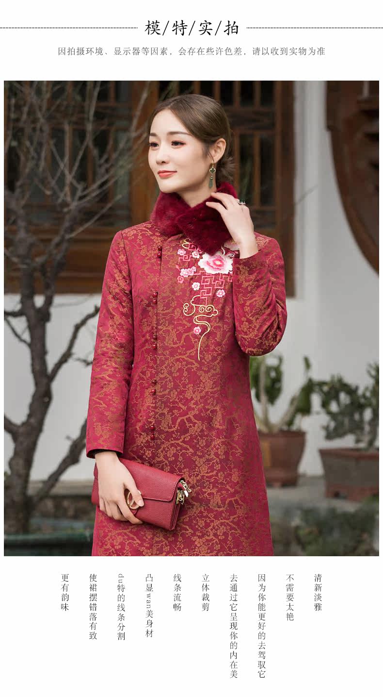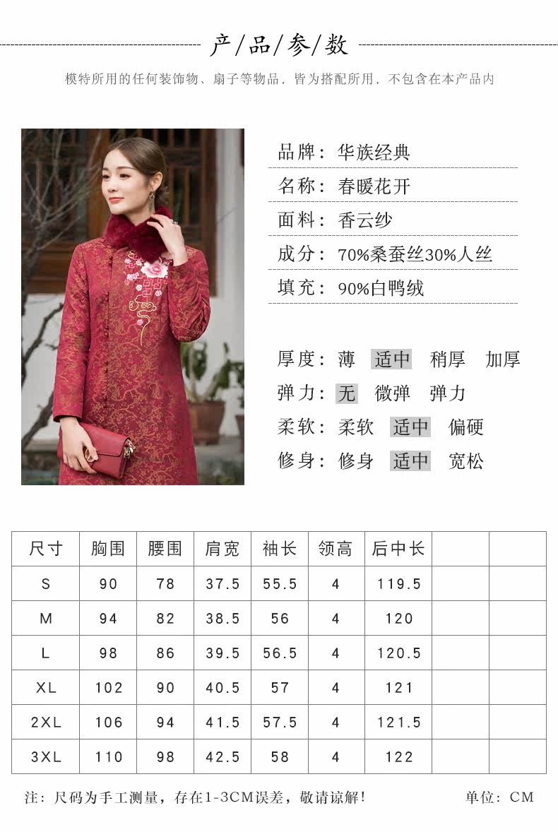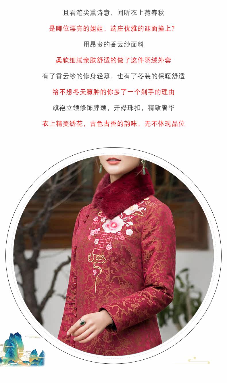 华族经典 Цветочный длинный элитный удерживающий тепло бархатный пуховик, утиный пух, коллекция 2021
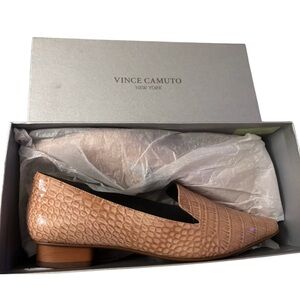 These Vince Camuto flats feature a sophisticated crocodile-embossed leather in a chic tan color. With a sleek, pointed toe and a minimalist slip-on design, they offer both elegance and practicality for everyday wear. New in box! Size 9
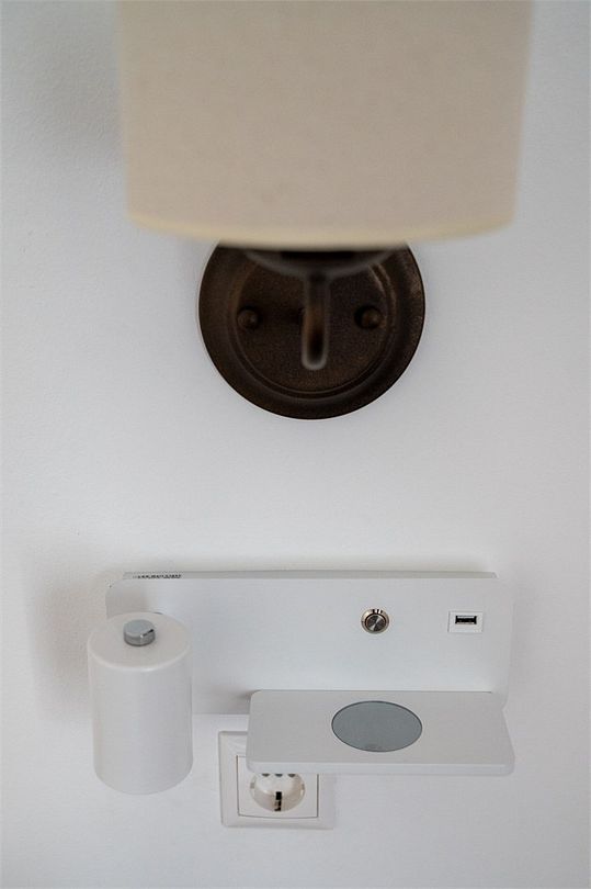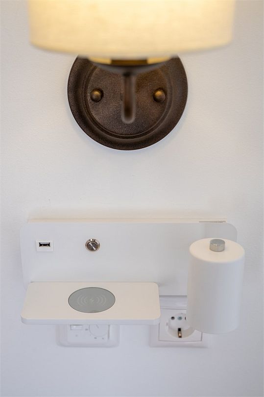 Номер оснащен бесконтактной зарядкой для телефона
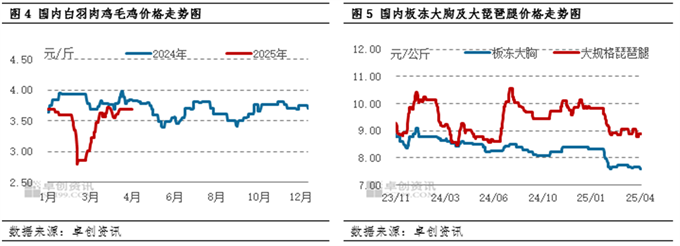 截至28日,白羽肉鸡产品综合售价8.85元/公斤,较上月均价走低0.06元/公斤,较去年4月均价走低0.49元/公斤;板冻大胸均价7.65元/公斤,较上月均价走低0.08元/公斤,较去年4月均价走低0.88元/公斤;大规格琵琶腿均价8.92元/公斤,较上月均价走低0.06元/公斤,较去年4月均价走低0.03元/公斤。月内产品价格呈现“跌-涨-跌走势”,产品价格随上游毛鸡价格波动而微幅调整。月内经销商补货心态整体谨慎,食品加工企业随用随采,整体市场需求疲软。供应方面,大规格产品供应不足,中小规格产品库存提升。
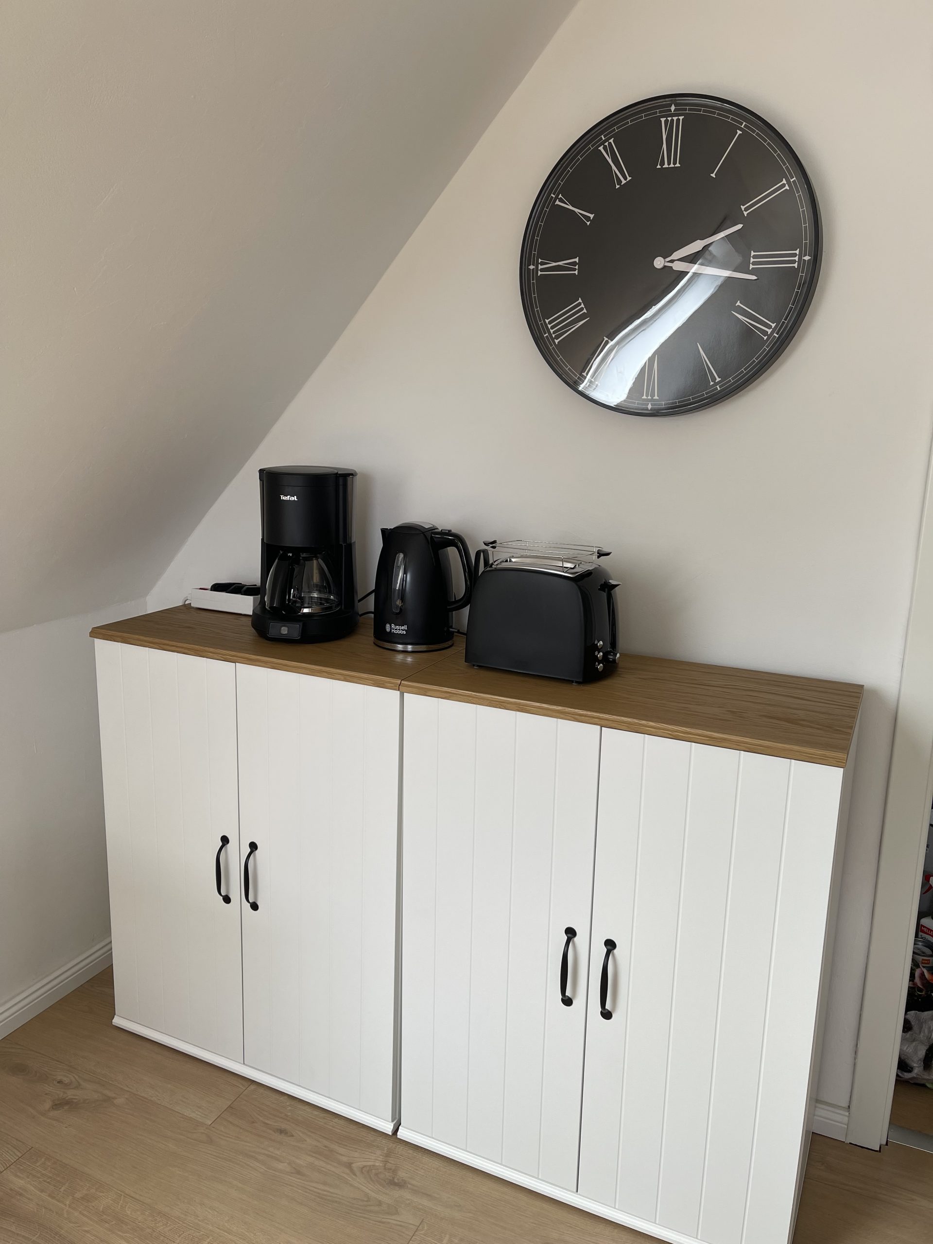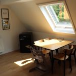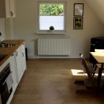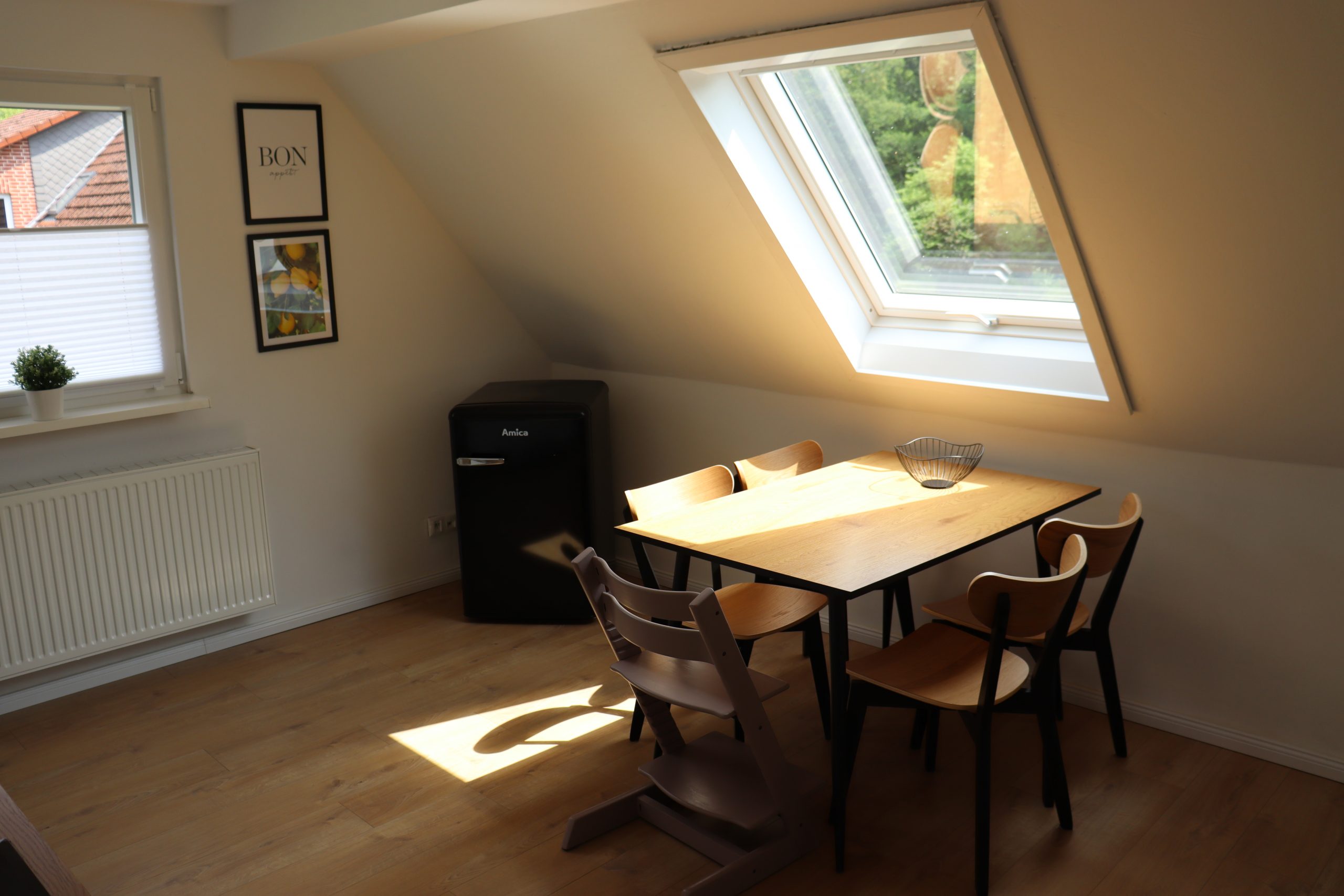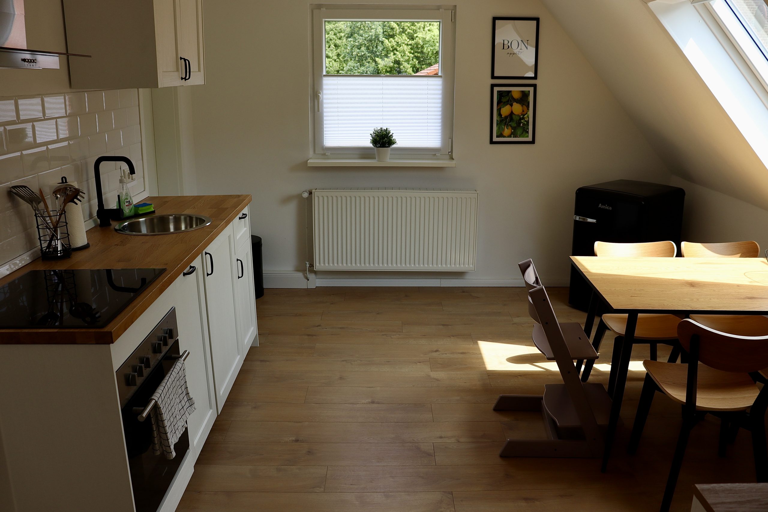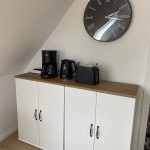 Die Küche ist voll ausgestattet mit Küchengeräten, wie Herd, Backofen, Wasserkocher, Toaster und Kaffeemaschine, sowie Geschirr, Besteck, Töpfen und weiterem Zubehör. Auch eine Geschirrspülmaschine ist in der Küchenzeile eingebaut, die dir den lästigen Abwasch abnimmt. Verbrauchsmaterial, wie Zucker, Salz, Pfeffer und Kaffeefilter, stehen hier ebenfalls kostenfrei zur Verfügung. Der Kühlschrank bietet ausreichend Platz für 2 Personen, um sich selbst zu versorgen. Am modernen Esstisch finden bis zu 4 Personen Platz. Der Tripp Trapp steht unseren kleinen Gästen zur Verfügung, sodass sie am Tisch auch bequem Platz nehmen können.
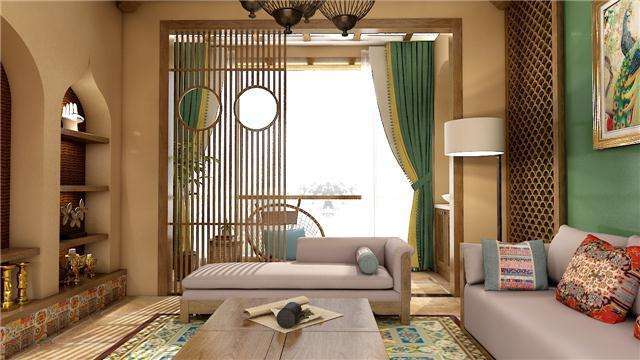 東南亞風格的裝飾中,室內所用的材料多直接取自自然。東南亞風格散發著濃烈的自然氣息,色澤上以木材、藤、竹為主,在視覺感受上有泥土的質樸、原木的天然材料搭配、布藝的恰當點綴。
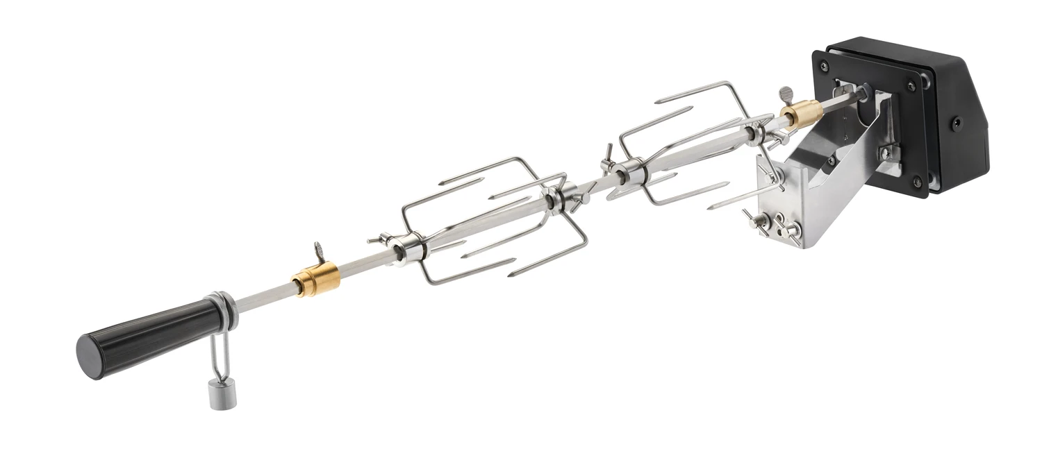 Da der Videro G3-S Vario+ das neue Vario-Grillrostsystem enthält, welches den Einsatz genau mittig vorsieht, bietet der Hersteller leider offiziell keine passende Gusseisen Grillplatte im Austausch eines Grillrosts an. Da erfahrungsgemäß aber viele Kunden eine eckige Grillplatte bevorzugen, um mehr Grillfläche nutzen zu können, legen wir die zweiseitige Rösle Grillplatte aus Gusseisen zum Auflegen direkt auf den Grillrost mit dazu. Weiter liefern wir mit unserem X-DEAL einen Rösle Drehspieß mit Motor und die passende Abdeckhaube direkt mit dazu.
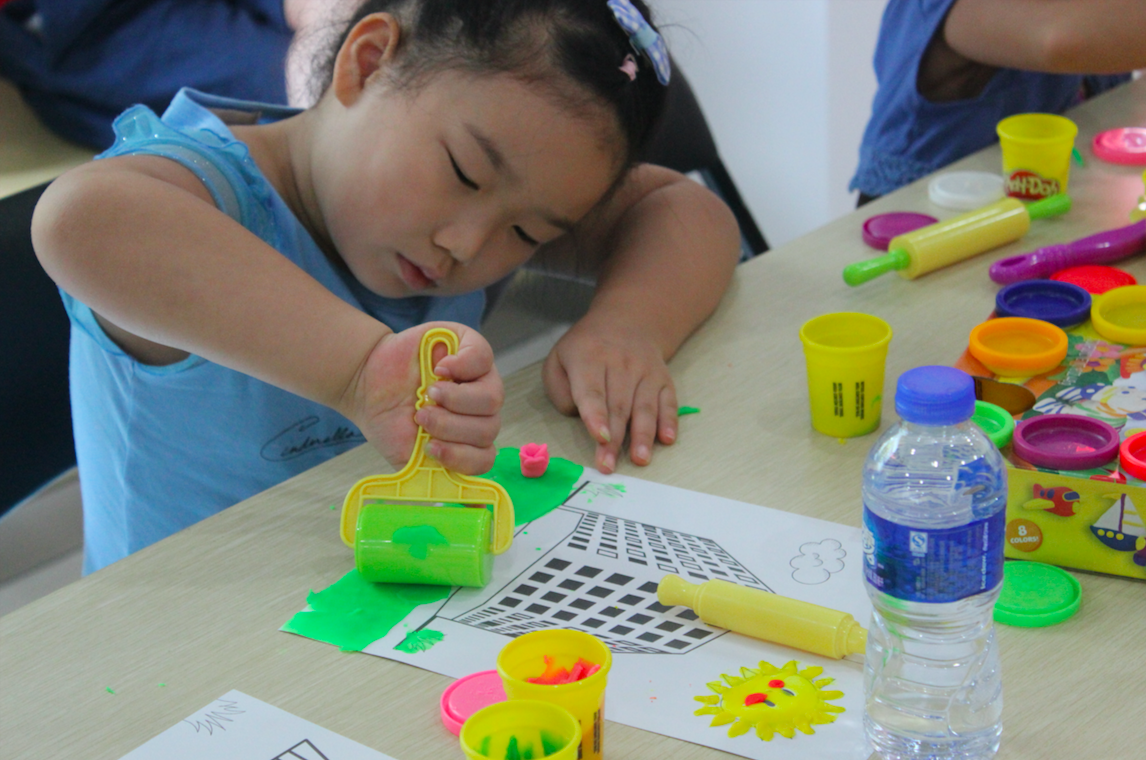 瞧这专业的姿势,让小U也自叹不如呢。还有这认真的小眼神,细细搓,慢慢揉,一看就已沉浸在彩泥创作之中。

────

PROBLEM TO SOLVE:
An exact copy of every line above is needed, without the images.

WRITTEN REPLY:
 华族经典 Цветочный длинный элитный удерживающий тепло бархатный пуховик, утиный пух, коллекция 2021
 These Vince Camuto flats feature a sophisticated crocodile-embossed leather in a chic tan color. With a sleek, pointed toe and a minimalist slip-on design, they offer both elegance and practicality for everyday wear. New in box! Size 9
 Номер оснащен бесконтактной зарядкой для телефона
 截至28日,白羽肉鸡产品综合售价8.85元/公斤,较上月均价走低0.06元/公斤,较去年4月均价走低0.49元/公斤;板冻大胸均价7.65元/公斤,较上月均价走低0.08元/公斤,较去年4月均价走低0.88元/公斤;大规格琵琶腿均价8.92元/公斤,较上月均价走低0.06元/公斤,较去年4月均价走低0.03元/公斤。月内产品价格呈现“跌-涨-跌走势”,产品价格随上游毛鸡价格波动而微幅调整。月内经销商补货心态整体谨慎,食品加工企业随用随采,整体市场需求疲软。供应方面,大规格产品供应不足,中小规格产品库存提升。
 Die Küche ist voll ausgestattet mit Küchengeräten, wie Herd, Backofen, Wasserkocher, Toaster und Kaffeemaschine, sowie Geschirr, Besteck, Töpfen und weiterem Zubehör. Auch eine Geschirrspülmaschine ist in der Küchenzeile eingebaut, die dir den lästigen Abwasch abnimmt. Verbrauchsmaterial, wie Zucker, Salz, Pfeffer und Kaffeefilter, stehen hier ebenfalls kostenfrei zur Verfügung. Der Kühlschrank bietet ausreichend Platz für 2 Personen, um sich selbst zu versorgen. Am modernen Esstisch finden bis zu 4 Personen Platz. Der Tripp Trapp steht unseren kleinen Gästen zur Verfügung, sodass sie am Tisch auch bequem Platz nehmen können.
 東南亞風格的裝飾中,室內所用的材料多直接取自自然。東南亞風格散發著濃烈的自然氣息,色澤上以木材、藤、竹為主,在視覺感受上有泥土的質樸、原木的天然材料搭配、布藝的恰當點綴。
 Da der Videro G3-S Vario+ das neue Vario-Grillrostsystem enthält, welches den Einsatz genau mittig vorsieht, bietet der Hersteller leider offiziell keine passende Gusseisen Grillplatte im Austausch eines Grillrosts an. Da erfahrungsgemäß aber viele Kunden eine eckige Grillplatte bevorzugen, um mehr Grillfläche nutzen zu können, legen wir die zweiseitige Rösle Grillplatte aus Gusseisen zum Auflegen direkt auf den Grillrost mit dazu. Weiter liefern wir mit unserem X-DEAL einen Rösle Drehspieß mit Motor und die passende Abdeckhaube direkt mit dazu.
 瞧这专业的姿势,让小U也自叹不如呢。还有这认真的小眼神,细细搓,慢慢揉,一看就已沉浸在彩泥创作之中。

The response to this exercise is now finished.